● TASK STATEMENT
From the first line to the last, restate the material word for word; pictures stay out.

● PROVIDED MATERIAL
--

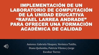 El documento describe los requisitos para implementar un laboratorio de computación en una unidad educativa, incluyendo un sitio adecuado, instalación eléctrica segura, equipos de red, computadoras, software y personal capacitado. Explica los pasos para instalar la energía eléctrica, conectar la red y el internet, y asegurar que el laboratorio cumpla con normas de seguridad y calidad.
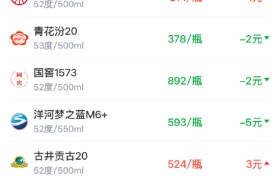 新浪财经“酒价内参”过去24小时收集的数据显示,中国白酒市场十大单品的终端零售总均价在2月28日...
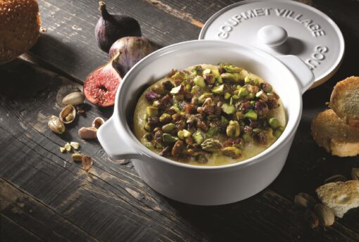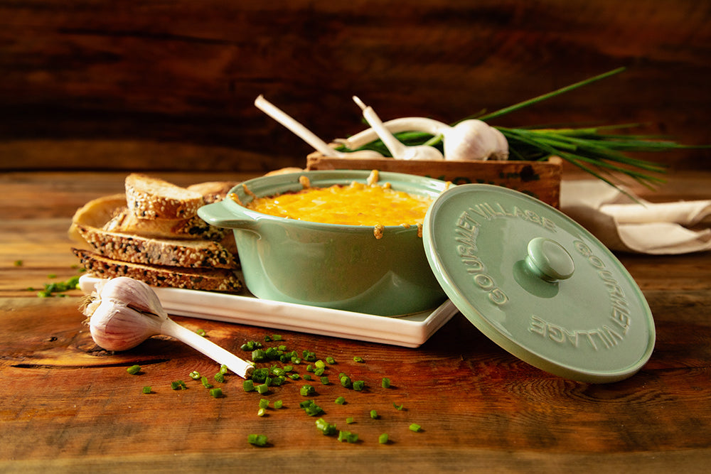 Our versatile two-piece ceramic baker with lid makes a wonderful gift. It is perfect for serving straight from oven to table, it is just the right size for Gourmet du Village Baked Dips and Baked Bries, or use it to prepare side dishes or small casseroles.
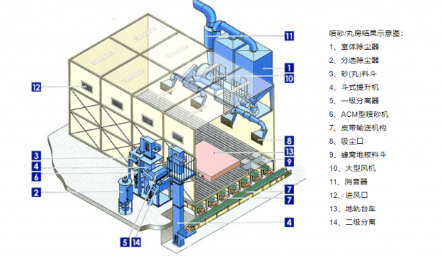 1. 磨料收集装置:喷砂过程中,磨料会散落到底部,需要及时进行收集。常见的磨料收集装置有蜂窝式地板、格栅式地板和刮板输送机等。蜂窝式地板由多个蜂窝状的小斗组成,磨料落入小斗后,通过底部的管道输送到回收系统;格栅式地板则是在地板上设置有格栅,磨料通过格栅落入下方的收集槽中;刮板输送机则是通过刮板将散落的磨料刮送到输送带上,再由输送带将磨料输送到回收系统。

--

● ANSWER TO THE PROBLEM
 El documento describe los requisitos para implementar un laboratorio de computación en una unidad educativa, incluyendo un sitio adecuado, instalación eléctrica segura, equipos de red, computadoras, software y personal capacitado. Explica los pasos para instalar la energía eléctrica, conectar la red y el internet, y asegurar que el laboratorio cumpla con normas de seguridad y calidad.
 新浪财经“酒价内参”过去24小时收集的数据显示,中国白酒市场十大单品的终端零售总均价在2月28日...
 Our versatile two-piece ceramic baker with lid makes a wonderful gift. It is perfect for serving straight from oven to table, it is just the right size for Gourmet du Village Baked Dips and Baked Bries, or use it to prepare side dishes or small casseroles.
 1. 磨料收集装置:喷砂过程中,磨料会散落到底部,需要及时进行收集。常见的磨料收集装置有蜂窝式地板、格栅式地板和刮板输送机等。蜂窝式地板由多个蜂窝状的小斗组成,磨料落入小斗后,通过底部的管道输送到回收系统;格栅式地板则是在地板上设置有格栅,磨料通过格栅落入下方的收集槽中;刮板输送机则是通过刮板将散落的磨料刮送到输送带上,再由输送带将磨料输送到回收系统。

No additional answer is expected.